[[ Records for this task open ]]
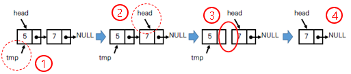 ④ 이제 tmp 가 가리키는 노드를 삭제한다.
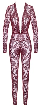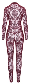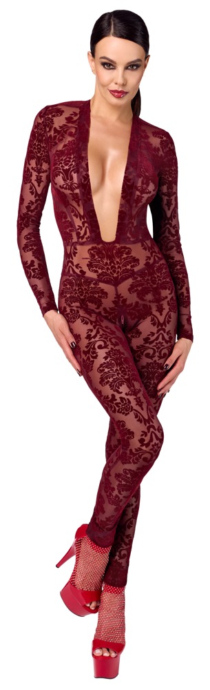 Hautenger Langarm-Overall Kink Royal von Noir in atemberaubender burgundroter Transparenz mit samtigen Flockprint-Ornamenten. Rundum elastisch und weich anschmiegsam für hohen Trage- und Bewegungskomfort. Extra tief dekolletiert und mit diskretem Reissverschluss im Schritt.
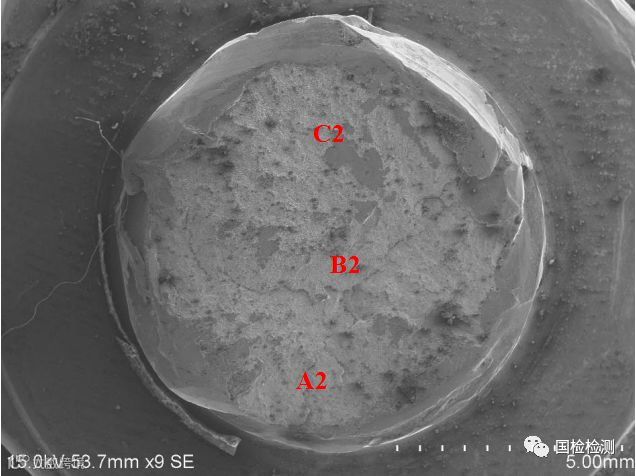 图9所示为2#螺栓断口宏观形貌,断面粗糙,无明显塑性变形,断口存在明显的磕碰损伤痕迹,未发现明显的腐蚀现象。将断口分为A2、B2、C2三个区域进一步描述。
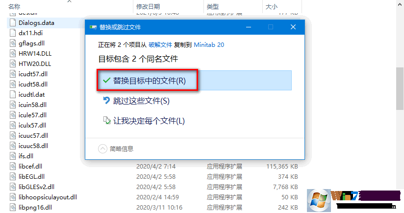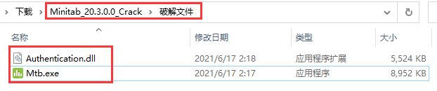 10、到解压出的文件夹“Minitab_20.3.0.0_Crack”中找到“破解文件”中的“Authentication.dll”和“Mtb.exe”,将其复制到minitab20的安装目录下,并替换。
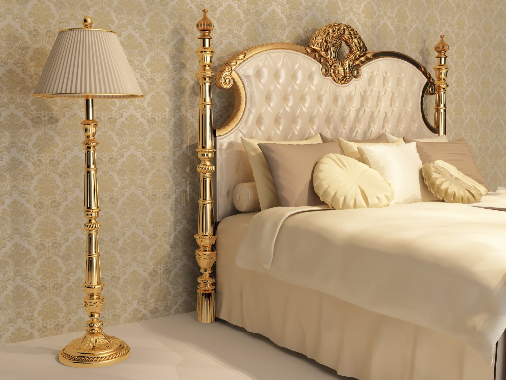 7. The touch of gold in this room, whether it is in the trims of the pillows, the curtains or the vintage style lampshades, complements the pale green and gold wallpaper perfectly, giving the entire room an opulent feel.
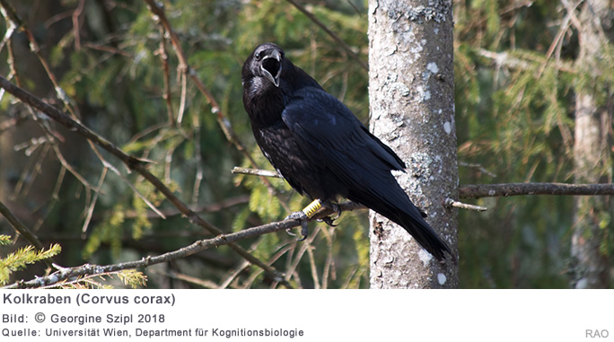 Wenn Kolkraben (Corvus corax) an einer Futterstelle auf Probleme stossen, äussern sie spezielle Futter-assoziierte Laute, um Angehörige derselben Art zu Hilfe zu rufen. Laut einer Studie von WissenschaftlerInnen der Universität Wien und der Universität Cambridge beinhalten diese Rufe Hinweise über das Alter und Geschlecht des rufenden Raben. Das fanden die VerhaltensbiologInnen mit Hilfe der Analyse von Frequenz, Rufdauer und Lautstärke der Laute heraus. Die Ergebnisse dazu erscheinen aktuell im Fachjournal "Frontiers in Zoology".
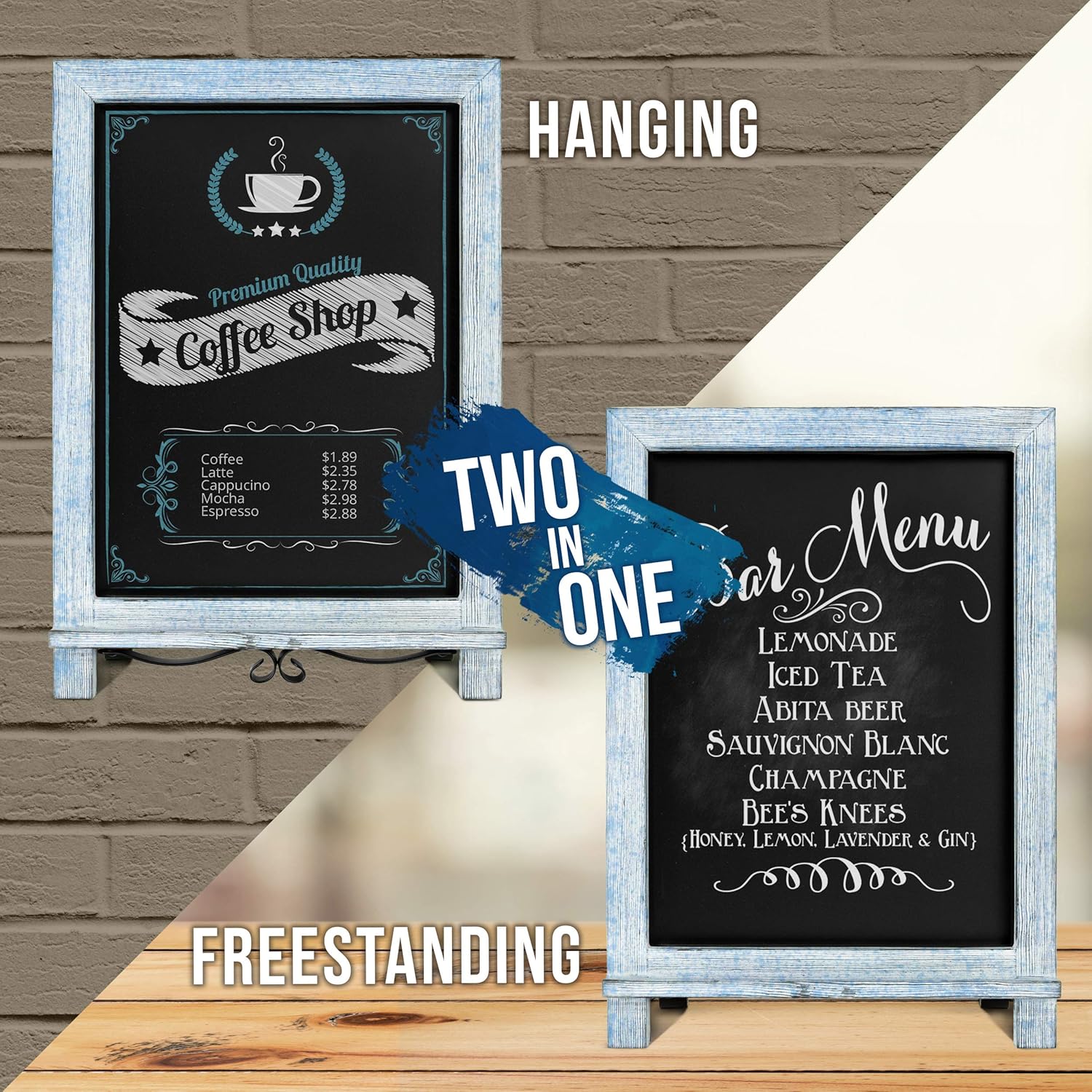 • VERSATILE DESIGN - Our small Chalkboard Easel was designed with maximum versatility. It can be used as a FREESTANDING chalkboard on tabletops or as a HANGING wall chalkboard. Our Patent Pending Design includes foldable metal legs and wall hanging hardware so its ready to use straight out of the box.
[[ Records for this task closed ]]
Retype the whole listing. Keep every word exact but include no pictures.

 ④ 이제 tmp 가 가리키는 노드를 삭제한다.
 Hautenger Langarm-Overall Kink Royal von Noir in atemberaubender burgundroter Transparenz mit samtigen Flockprint-Ornamenten. Rundum elastisch und weich anschmiegsam für hohen Trage- und Bewegungskomfort. Extra tief dekolletiert und mit diskretem Reissverschluss im Schritt.
 图9所示为2#螺栓断口宏观形貌,断面粗糙,无明显塑性变形,断口存在明显的磕碰损伤痕迹,未发现明显的腐蚀现象。将断口分为A2、B2、C2三个区域进一步描述。
 10、到解压出的文件夹“Minitab_20.3.0.0_Crack”中找到“破解文件”中的“Authentication.dll”和“Mtb.exe”,将其复制到minitab20的安装目录下,并替换。
 7. The touch of gold in this room, whether it is in the trims of the pillows, the curtains or the vintage style lampshades, complements the pale green and gold wallpaper perfectly, giving the entire room an opulent feel.
 Wenn Kolkraben (Corvus corax) an einer Futterstelle auf Probleme stossen, äussern sie spezielle Futter-assoziierte Laute, um Angehörige derselben Art zu Hilfe zu rufen. Laut einer Studie von WissenschaftlerInnen der Universität Wien und der Universität Cambridge beinhalten diese Rufe Hinweise über das Alter und Geschlecht des rufenden Raben. Das fanden die VerhaltensbiologInnen mit Hilfe der Analyse von Frequenz, Rufdauer und Lautstärke der Laute heraus. Die Ergebnisse dazu erscheinen aktuell im Fachjournal "Frontiers in Zoology".
 • VERSATILE DESIGN - Our small Chalkboard Easel was designed with maximum versatility. It can be used as a FREESTANDING chalkboard on tabletops or as a HANGING wall chalkboard. Our Patent Pending Design includes foldable metal legs and wall hanging hardware so its ready to use straight out of the box.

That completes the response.